Variational Inference 101
Published:
Say you want to estimate a distribution of a latent vector $Z$ based on observations $X$. You can do that with variational inference!
Variational inference (VI) is a method that reduces posterior inference to optimisation. Why is it called so?
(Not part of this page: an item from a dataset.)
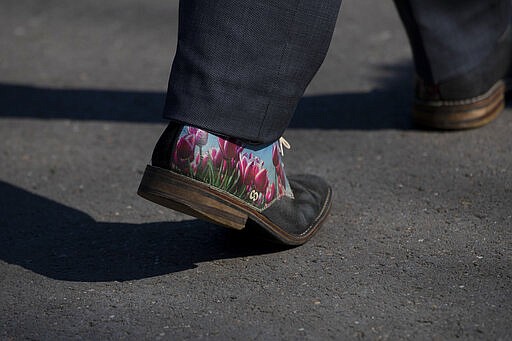 The shoes of Bart Siemerink, director of the world-renowned Dutch flower garden Keukenhof, are adorned with a design of tulips, as he walks the empty lanes of the garden in Lisse, Netherlands, Thursday, March 26, 2020. Keukenhof, which attracted 1.5 million visitors last year, will not open this year after the Dutch government extended its ban on gatherings to June 1 in an attempt to slow the spread of the coronavirus. Instead of opening, it will allow people to virtually visit its colorful floral displays through its social media and online channels. The new coronavirus causes mild or moderate symptoms for most people, but for some, especially older adults and people with existing health problems, it can cause more severe illness or death. (AP Photo/Peter Dejong)

- Inference: wee seek to say something about latent variables $Z$
- Variational: we optimise over a set of distributions of latent variables $Z$
In theory, we can derive posterior of $Z$ given observations of $X$, i.e. $p(Z|X)$, according to the Bayes theorem: \begin{equation} p(Z|X) = \dfrac{p(X|Z)p(Z)}{p(X)} \end{equation} where:
- $p(Z)$ is the prior distribution of latent variables
- $p(X|Z)$ is the likelihood of observing data $X$ given a particular structure of a latent space $Z$
- $p(X)$ is the marginal distribution of $X$
However, using the Bayes rule out of the box is often problematic. The reason is that calculating the marginal distribution $p(X)$ is rarely tractable since this requires marginalising out the latent space: $p(X) = \int_Z p(X, Z)dZ$. This is typically only possible when we know the form of the posterior ditribution in advance, which allows to find its normalising constant.
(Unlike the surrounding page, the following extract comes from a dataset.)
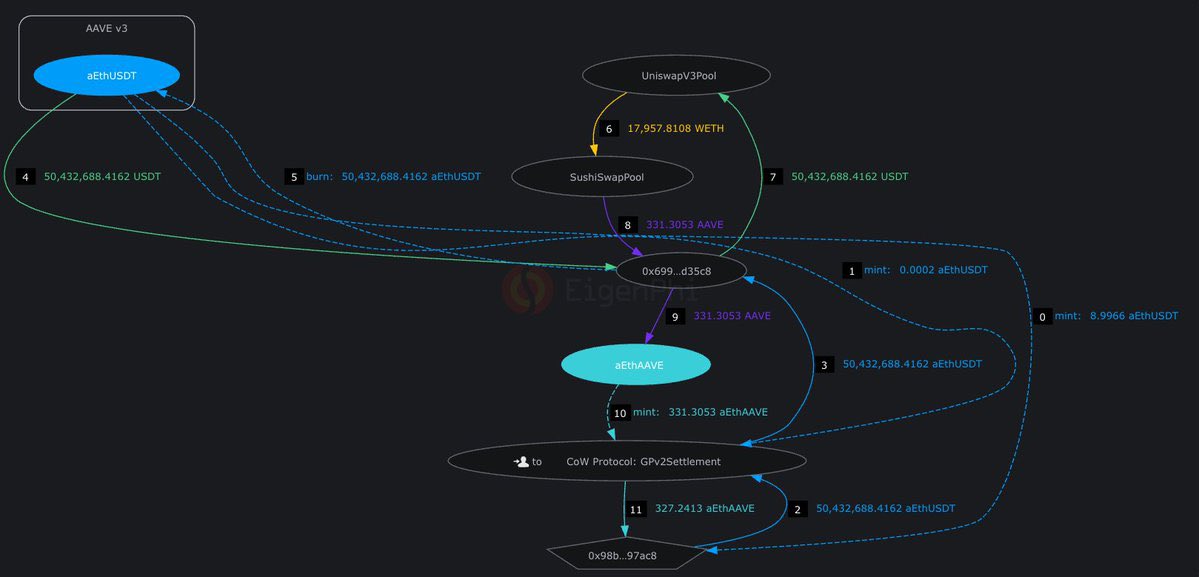 梳理了一下最近Aave上那笔5000万美金的交易事故。(通过CoW Swap) 虽然这是DeFi历史上最严重的交易执行损失,但发生的很诡异。 第一点是CoW的抗MEV几乎失效了。 按照目前AAVE的链上流动性,换回500万美金的AAVE肯定是没问题的,但最终执行被路由到了深度最差的Sushi pool,只有7万美金的流动性。 结果是花费5000万美金,只买到了3.6万美金的AAVE。 CoW在报告中披露了一些问题,比如这里有一个gas上限的bug,有solver给出了更好的报价,但被这个限制拦住了,这个问题后面进行了修复。但这笔交易事故已经无法挽回。 在执行阶段其实还有机会救场,Solver E在这个阶段找到了更好的报价,并且成功赢得了竞拍,但最终却没提交交易,而CoW的拍卖系统对于这种胜者获胜后没交付的情况,没有应急措施,或是惩罚机制,哪怕拒绝到这笔交易也行,都没有。最后漏给了非常差的solver接手。 第二点比较奇怪的是,单笔5000万美金这么大的交易,在非稳定币交换中,很少见。因为多数pool的流动性都支持不了,而且在协议已经提醒99%价格影响的情况下,用户还手动确认了交易。 第三点是CoW自己说这笔交易可能泄漏到了公开mempool,具体原因目前还没写清楚。 目前两个协议都发了事后报告,MEV bot获利990万美金,贿赂区块构建者3400万美金。 责任认定上很清晰主要在CoW,因为Aave只是前端集成了CoW组件,两个协议也没有推卸责任扯皮这些事,我觉得态度上都很好。 这次事件是buff叠满了,是多个系统问题叠加导致了一个比最差情况还要糟糕的结果。 对CoW来说应该还有很多问题需要查明。而目前这个交易执行者似乎还没露面,最初做这笔交易的动机也不得而知。

Variational inference proposes a solution to this problem: approximate intractable $p(Z|X)$ with tractable surrogate distribution $q(Z)$ so that the difference between $p(Z|X)$ and $q(Z)$ is minimal. When we measure distance between two distributions, we usually use the Kullback-Leibler divergence:
\[D_{\text{KL}}(q(Z)|| p(Z|X)) \equiv \mathbb{E}_{Z \sim q}\left[ \log\dfrac{q(Z)}{p(Z|X)} \right]\]Great, but we do not know $p(Z|X)$ – we actually want to approximate it with $q(Z)$! So how do we calculate the KL divergence? We need to notice that we can decompose the KL divergence into a more convenient form by using the fact that $p(Z|X) = \frac{p(Z,X)}{p(X)}$:
\(D_{\text{KL}}(q(Z)|| p(Z|X)) \equiv \mathbb{E}_{Z \sim q}\left[ \log\dfrac{q(Z)p(X)}{p(Z,X)} \right] = \text{(apply the rule for log product)}\) \(= \mathbb{E}_{Z \sim q}\left[ \log\dfrac{q(Z)}{p(Z,X)} \right] + \mathbb{E}_{Z \sim q}\left[ \log p(X)\right] = \text{($p(X)$ does not depend on $q(Z)$)}\) \(= \mathbb{E}_{Z \sim q}\left[ \log\dfrac{q(Z)}{p(Z,X)} \right] + \log p(X) = \text{(apply the rule for log ratio)}\) \(= \log p(X) - \mathbb{E}_{Z \sim q}\left[ \log\dfrac{p(X,Z)}{q(Z)} \right]\)
Note that \(\log p(X) \geq \mathbb{E}_{Z \sim q}\left[ \log\dfrac{p(X,Z)}{q(Z)} \right] \; \forall Z, X, q(.), p(.)\) since $D_{\text{KL}}(q(Z)|| p(Z|X)) \geq 0$ because it is a distance measure. Let us call $\log p(X)$ the “evidence”. Then $\mathbb{E}_{Z \sim q}\left[ \log\dfrac{p(X,Z)}{q(Z)} \right]$ is the lower bound for the evidence $\log p(X)$.
Thereby, we define the Evidence Lower Bound (ELBO) as:
\[\text{ELBO}(q) \equiv \mathbb{E}_{Z \sim q}\left[ \log\dfrac{p(X,Z)}{q(Z)} \right]\]And now we can also rewrite the Kullback-Leibler divergence as a function of ELBO: \(D_{\text{KL}}(q(Z)|| p(Z|X)) = \log p(X) - \text{ELBO}(q)\)
We can notice that $\log p(X)$ (i.e. evidence) is independent of $q(Z)$, i.e. changing a surrogate distribution for $Z$ does not change the marginal probability of observed data. Hence, the following optimisation problems are equivalent:
\[q = \arg\min_{q \in \mathbb{Q}} D_{\text{KL}}(q(Z)|| p(Z|X))\]and
\[q = \arg\max_{q \in \mathbb{Q}} \text{ELBO}(q)\](since $\text{ELBO}(q)$ has a negative sign in the KL equation). Because the latter problem does not require knowledge of the posterior distribution $p(Z|X)$, we can solve it to find optimal surrogate $q(Z)$ which approximates $p(Z|X)$!
In the next posts, we will discuss more advanced topics in VI, challenges in VI and its applications.